Geopolitical events and macroeconomic factors are always considered in our investment process, but we take a bottom-up approach, focusing on finding and investing in high-quality companies. Over the long term, these types of external factors tend to have a shorter-term impact. Our investment horizon is 10, 20, or even 30 years, and we believe that trying to predict short-term geopolitical movements is often futile.

That said, geopolitical disruptions can sometimes present opportunities. If market overreactions lead to significant mispricing, we may use these moments to increase our holdings in quality companies that are temporarily undervalued but we believe will deliver strong long-term results for our shareholders.

How does AFIC approach ESG factors in its investment process?

ESG considerations are embedded in our investment process, though we do not market ourselves as an ESG-focused fund. We believe that social responsibility, good governance, and environmental sustainability are integral to the long-term success of any business. For example, we avoid investing in pure-play gambling stocks and actively assess the governance and social license of the companies we invest in.

We engage regularly with company boards and directors to ensure that these factors are properly addressed. If a company fails to meet acceptable standards, we consider this in our decision-making, as it often impacts the long-term prospects of the business.

We expect the companies we invest in to adhere to all regulatory and social obligations, which contributes to stronger, more sustainable returns for our shareholders.
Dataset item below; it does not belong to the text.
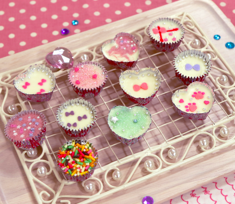 ④のチョコが固まる前にトッピングミックスでデコレーションしたら、冷蔵庫で30分冷やします。
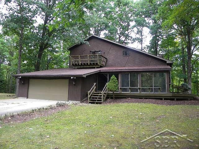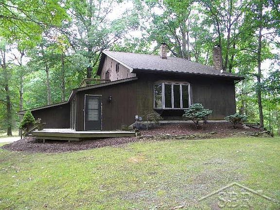 This custom built home sits on 20 wooded acres, with a large pond, and a horse barn too! The 2nd floor is all master suite and loft overlooking the 2 story tall living room. The main floor offers a kitchen with lots of storage, main bathroom, and 2 more bedrooms. The partially finished basement has a small 2nd kitchen, 3rd bathroom and an exercise room. Other features include a fireplace, 2 car attached garage, an enclosed front porch room, walk-out basement, and large front wood deck.

What is AFIC’s market outlook?

The equity market is trading at the top end of a fair value range and the operating environment is expected to become more challenging, which means we need to be more discerning about how we allocate capital through this time. We continue to identify opportunities within these conditions, but we believe earnings growth will become more challenging with price rises expected to slow and consumer spending softening. Additionally, a historically tight labour market is impacting productivity.

In this context of navigating a slower operating environment when market valuations are full, we’re allocating capital to companies providing strong valuation support following period of bad news, and those with earnings growth dependent more on self-help drivers than underlying economic conditions. We remain committed to holding a diversified portfolio of quality companies who own strategic assets, with strong balance sheets, and strong leadership.